Это требование имело прочную юридическую основу. Нельзя описывать имущество осужденного, предварительно растащив какую-то часть его.
– Я очень рад, что генералиссимус согласился с нами в принципе. Остальное – детали, и о них можно будет договориться, – с показной удовлетворенностью заключил Бирнс. – Значит, мы, в свою очередь, идем на уступку в отношении польской границы. Что же касается Организации Объединенных Наций…
– Простите, – прервал его Сталин, – но мы пока не обсудили того вопроса, который вы назвали главным из трех.
– Какой вопрос вы имеете в виду? – настороженно спросил Трумэн.
– О репарациях, – невозмутимо ответил Сталин.
– Как?! – недоуменно воскликнул Бирнс. – О чем же мы все время говорили здесь?!
– О ваших предложениях по этому вопросу, – спокойно уточнил Сталин. – Мы о них высказались. Кое с чем согласились, а кое с чем нет. Теперь, может быть, настала пора поговорить о том, что предлагаем по репарациям мы?
– Ну… пожалуйста, – пробормотал Бирнс. – Хотя я не знаю, о чем тут еще говорить.
– Давайте прежде всего решим, – предложил Сталин, – что целью репараций является не просто наказание Германии, а содействие скорейшему восстановлению стран, пострадавших из-за нее. Вместе с тем мы предоставляем Германии возможность мирно развиваться за счет сокращения ее военного потенциала.
И американцы и англичане понимали, что Сталин фиксирует этот принцип, так сказать, для истории. Они отнеслись к этому равнодушно, считая, что в таких делах, как взимание репараций, решающую роль играет не философия, а чистый прагматизм. Но что последует за философией?
Трумэн, Эттли, Бирнс и Бевин с подчеркнутым недоумением переглянулись, будто спрашивая друг у друга: «Неужто Сталин оглох? Или в чем-то повинны переводчики? Все ведь так детально обсуждено и решено».
На Сталина эти нарочитые знаки недоумения не произвели никакого впечатления.
– Итак, – продолжал он, – мы согласились, что Россия будет брать репарации не только из своей зоны, но и из западных тоже. Однако это всего лишь принцип, и он нуждается в конкретизации. Ведь в конечном итоге все дело в цифрах, не так ли? И если мы их сейчас не уточним, то в будущем могут возникнуть разногласия. А к чему нам лишние споры?
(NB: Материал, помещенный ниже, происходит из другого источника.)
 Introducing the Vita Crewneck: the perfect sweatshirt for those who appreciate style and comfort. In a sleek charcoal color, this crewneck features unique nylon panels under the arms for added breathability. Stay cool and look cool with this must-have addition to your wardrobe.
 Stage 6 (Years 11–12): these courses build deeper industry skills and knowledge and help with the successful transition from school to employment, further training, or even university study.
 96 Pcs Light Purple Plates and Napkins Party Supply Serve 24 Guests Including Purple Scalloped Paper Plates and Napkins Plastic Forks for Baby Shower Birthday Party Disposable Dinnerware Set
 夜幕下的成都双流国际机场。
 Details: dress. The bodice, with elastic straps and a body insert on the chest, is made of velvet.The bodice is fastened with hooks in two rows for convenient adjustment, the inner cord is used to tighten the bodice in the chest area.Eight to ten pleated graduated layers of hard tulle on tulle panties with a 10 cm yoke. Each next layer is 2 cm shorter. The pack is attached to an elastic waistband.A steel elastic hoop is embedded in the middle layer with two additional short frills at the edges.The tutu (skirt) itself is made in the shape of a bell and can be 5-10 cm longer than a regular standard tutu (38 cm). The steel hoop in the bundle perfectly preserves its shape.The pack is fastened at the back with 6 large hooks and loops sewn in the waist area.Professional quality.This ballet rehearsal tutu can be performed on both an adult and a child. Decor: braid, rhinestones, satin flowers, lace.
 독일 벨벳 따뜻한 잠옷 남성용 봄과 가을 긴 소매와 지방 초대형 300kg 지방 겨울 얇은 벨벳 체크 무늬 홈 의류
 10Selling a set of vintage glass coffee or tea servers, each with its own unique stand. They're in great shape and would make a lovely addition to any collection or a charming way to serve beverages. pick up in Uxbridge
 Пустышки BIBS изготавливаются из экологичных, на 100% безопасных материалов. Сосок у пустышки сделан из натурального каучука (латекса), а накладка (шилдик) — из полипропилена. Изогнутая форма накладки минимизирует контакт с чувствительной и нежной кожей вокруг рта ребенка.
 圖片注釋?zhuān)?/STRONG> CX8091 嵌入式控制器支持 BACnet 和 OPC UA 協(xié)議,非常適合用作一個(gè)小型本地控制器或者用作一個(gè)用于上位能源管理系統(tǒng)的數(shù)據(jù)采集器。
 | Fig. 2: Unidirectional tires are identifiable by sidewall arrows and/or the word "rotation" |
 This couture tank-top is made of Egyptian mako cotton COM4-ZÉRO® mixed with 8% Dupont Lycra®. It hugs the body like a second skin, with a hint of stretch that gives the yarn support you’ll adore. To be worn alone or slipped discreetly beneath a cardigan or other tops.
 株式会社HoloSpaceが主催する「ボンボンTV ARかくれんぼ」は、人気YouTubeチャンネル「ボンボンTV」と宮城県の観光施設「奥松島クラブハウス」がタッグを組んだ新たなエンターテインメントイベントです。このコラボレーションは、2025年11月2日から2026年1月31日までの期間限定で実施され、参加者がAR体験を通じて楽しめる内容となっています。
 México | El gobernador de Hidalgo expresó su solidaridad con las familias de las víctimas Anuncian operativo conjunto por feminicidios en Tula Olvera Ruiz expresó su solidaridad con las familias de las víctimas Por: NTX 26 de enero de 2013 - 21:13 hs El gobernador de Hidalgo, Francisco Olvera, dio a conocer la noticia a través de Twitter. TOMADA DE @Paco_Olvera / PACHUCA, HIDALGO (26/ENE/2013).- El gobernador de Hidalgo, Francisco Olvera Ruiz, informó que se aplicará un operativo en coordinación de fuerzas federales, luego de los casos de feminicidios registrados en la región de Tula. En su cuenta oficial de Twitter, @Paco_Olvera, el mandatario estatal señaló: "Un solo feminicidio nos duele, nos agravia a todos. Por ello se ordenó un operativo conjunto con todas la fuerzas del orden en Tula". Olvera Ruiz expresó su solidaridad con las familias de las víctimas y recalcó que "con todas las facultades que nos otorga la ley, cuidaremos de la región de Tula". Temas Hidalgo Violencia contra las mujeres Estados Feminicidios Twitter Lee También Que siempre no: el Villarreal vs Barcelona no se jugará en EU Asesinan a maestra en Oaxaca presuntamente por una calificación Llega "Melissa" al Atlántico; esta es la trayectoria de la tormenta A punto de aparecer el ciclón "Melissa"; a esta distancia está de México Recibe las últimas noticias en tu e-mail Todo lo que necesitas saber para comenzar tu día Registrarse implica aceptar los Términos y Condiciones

Он перевел взгляд на листок, который подал ему Молотов, затем отложил бумагу в сторону и чуть громче, чем обычно, заявил:
– Советский Союз должен получить из западных зон пятнадцать процентов основного промышленного оборудования, подлежащего изъятию. Взамен мы готовы предоставлять из советской зоны оккупации эквивалентное по стоимости продовольствие, уголь, калий, нефтепродукты и керамические изделия. Это – первое. Во-вторых, мы претендуем еще на десять процентов основного промышленного оборудования из западных зон, но уже без всякой оплаты с нашей стороны.
«Ну все, наконец?» – хотелось поторопить его Бирнсу. Он понимал, что Сталин хотя и не отвергает прямо американские предложения, но под видом их уточнения, конкретизации и дополнений фактически излагает свою систему репараций, при которой невозможны будут никакие отступления в дальнейшем.
– Кроме того, – как бы отвечая на немой вопрос Бирнса, продолжал Сталин, – мы претендуем на пятьсот миллионов долларов акций промышленных и транспортных предприятий, расположенных в западных зонах, а также хотим получить тридцать процентов заграничных инвестиций Германии и столько же процентов германского золота, поступившего в распоряжение союзников.
– Это же огромные суммы! – воскликнул Бевин. – А потом потребует своей доли Польша! Что же останется немцам? Вы же сами ранее сказали, что не ставите своей целью задавить Германию.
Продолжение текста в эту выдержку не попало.